If you havent seen a fuel car run, GO SEE THEM. Its an experience of a lifetime for a gearhead. I worked around jets for most of my adult life and a hemi on nitro is far louder and way more impressive... Well its on par with an F15 doing a full burner engine run but is completely different.
Olds has a small and big block, easily identified by the head casting code. For small blocks its a number (3-5-7), for big Olds its a letter (A,C,E,J) are the most numerous codes. The heads will physically bolt to big or small blocks, and its really a matter of deck height and main journal size.
Pontiac engines have no big or small block and while the displacement started at 265ci way back in 55, it grew to 455ci in 1970, and with aftermarket cranks you can get 498ci from 400 or 455 blocks. Damn near everything on them interchanges, as long as you know the year breaks when they changed things like valve inclination angle, and intake flange angles, then you have small journal 3" and big journal engines 3.25". That isnt a big nor small block thing, its the main journal size and 421,428, and 455 engines have the large journal, the rest have 3" all the way back to the late 50s. You can physically bolt any Pontiac head to any Pontiac block and with the right intake manifold it will all fit together. They all use the same size rod at 6.625", the same pushrods (except for Ram Air-IV which had thicker but not longer pushrods) and all of them had the ball stud rocker arms, because it was designed by a Pontiac engineer in his basement, which chevy and the rest copied. Its easier to say what doesnt interchange, which is pistons, cranks, and rings. The Pontiac used cylinder head changes to raise or lower the compression ratio rather than a dished piston. You can get as low as 7.7:1 on a 455 with one head and 12:1 on the same engine with another head, and both heads will have a 2.11 intake valve.
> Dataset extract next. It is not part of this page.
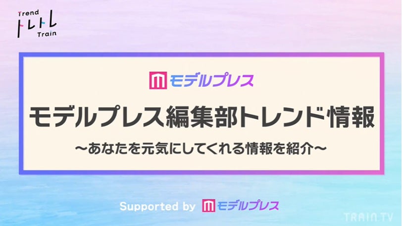 『モデルプレス』の情報が使用されるのは、「TRAIN TV」にて最旬トレンドをお届けする情報番組「トレトレ(Trend × Train)」。 「モデルプレス編集部トレンド情報~あなたを元気にしてくれる情報を紹介~」として、観光やグルメ、ホテルなどの情報を紹介していきます。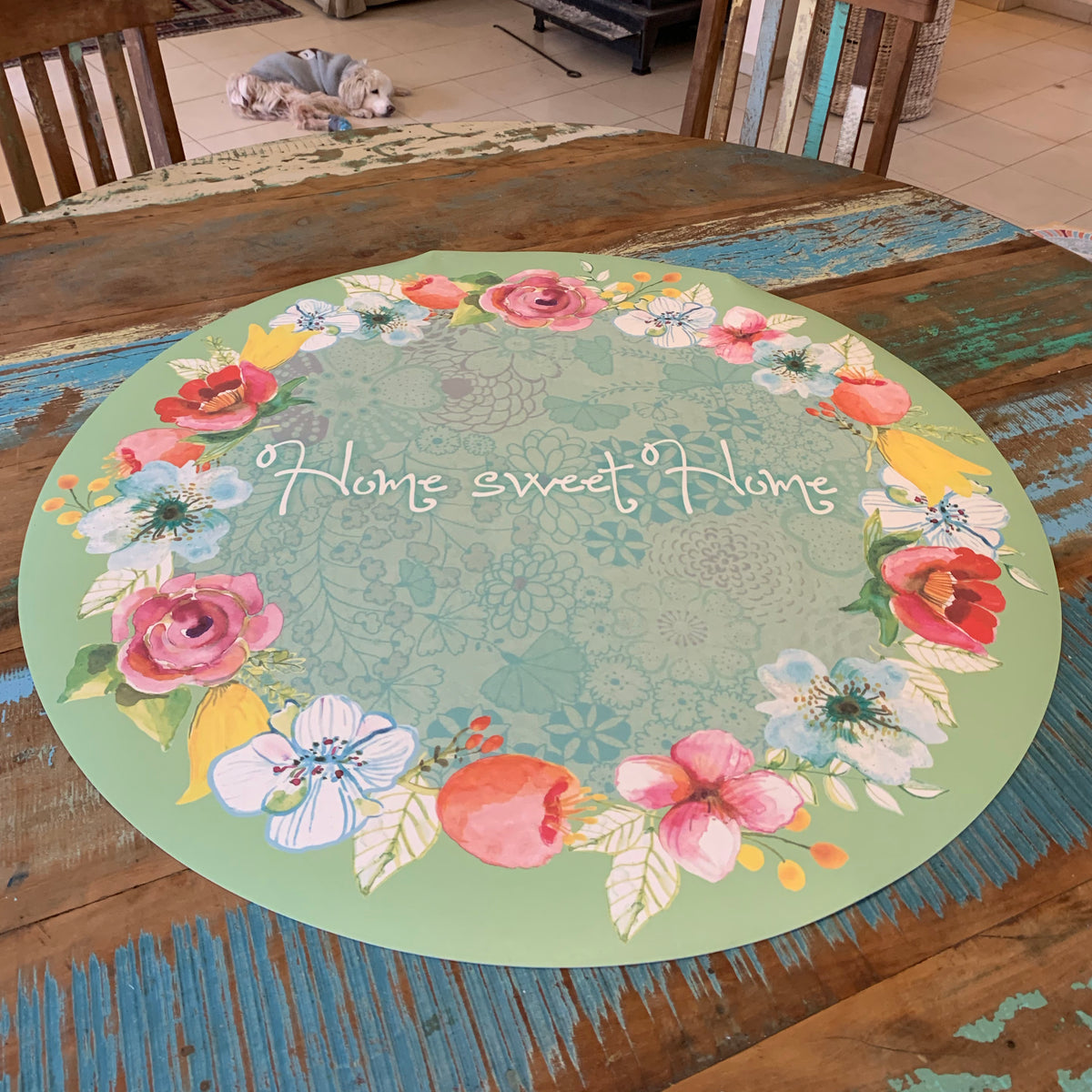 מפת שולחן pvc זר פרחים home sweet home

All of this is for the 50s, 60s and mid 70s engines, because in 77 they made the 301 and a smaller version that is hardly seen. Not much interchanges with the 301, but it looks quite a lot like the older engines. They are easily spotted by a dipstick poking out from behind the drivers side head. All the others had the dipstick tube on the passenger side between #2 and #4 cylinders. The nice thing about a 301 is that a 400 or 455 will bolt in where it is sitting real easy.
There is no big block Pontiac 400, chevy is the only one that made a small block 400. Anyone that tells you theyhave a big block 400 Pontiac doesnt know what they are talking about, or they are pulling your leg, usually the former. The really fun thing about a Pontiac is it can displace more than 500" and be dressed up to look like a 326 or even a 265. I used to tell people all the time that my 455 was a 350 or a 310, they had no way of knowing unless they know the very minor differences.
Olds has a small and big block, easily identified by the head casting code. For small blocks its a number (3-5-7), for big Olds its a letter (A,C,E,J) are the most numerous codes. The heads will physically bolt to big or small blocks, and its really a matter of deck height and main journal size.
Pontiac engines have no big or small block and while the displacement started at 265ci way back in 55, it grew to 455ci in 1970, and with aftermarket cranks you can get 498ci from 400 or 455 blocks. Damn near everything on them interchanges, as long as you know the year breaks when they changed things like valve inclination angle, and intake flange angles, then you have small journal 3" and big journal engines 3.25". That isnt a big nor small block thing, its the main journal size and 421,428, and 455 engines have the large journal, the rest have 3" all the way back to the late 50s. You can physically bolt any Pontiac head to any Pontiac block and with the right intake manifold it will all fit together. They all use the same size rod at 6.625", the same pushrods (except for Ram Air-IV which had thicker but not longer pushrods) and all of them had the ball stud rocker arms, because it was designed by a Pontiac engineer in his basement, which chevy and the rest copied. Its easier to say what doesnt interchange, which is pistons, cranks, and rings. The Pontiac used cylinder head changes to raise or lower the compression ratio rather than a dished piston. You can get as low as 7.7:1 on a 455 with one head and 12:1 on the same engine with another head, and both heads will have a 2.11 intake valve.
All of this is for the 50s, 60s and mid 70s engines, because in 77 they made the 301 and a smaller version that is hardly seen. Not much interchanges with the 301, but it looks quite a lot like the older engines. They are easily spotted by a dipstick poking out from behind the drivers side head. All the others had the dipstick tube on the passenger side between #2 and #4 cylinders. The nice thing about a 301 is that a 400 or 455 will bolt in where it is sitting real easy.
There is no big block Pontiac 400, chevy is the only one that made a small block 400. Anyone that tells you theyhave a big block 400 Pontiac doesnt know what they are talking about, or they are pulling your leg, usually the former. The really fun thing about a Pontiac is it can displace more than 500" and be dressed up to look like a 326 or even a 265. I used to tell people all the time that my 455 was a 350 or a 310, they had no way of knowing unless they know the very minor differences.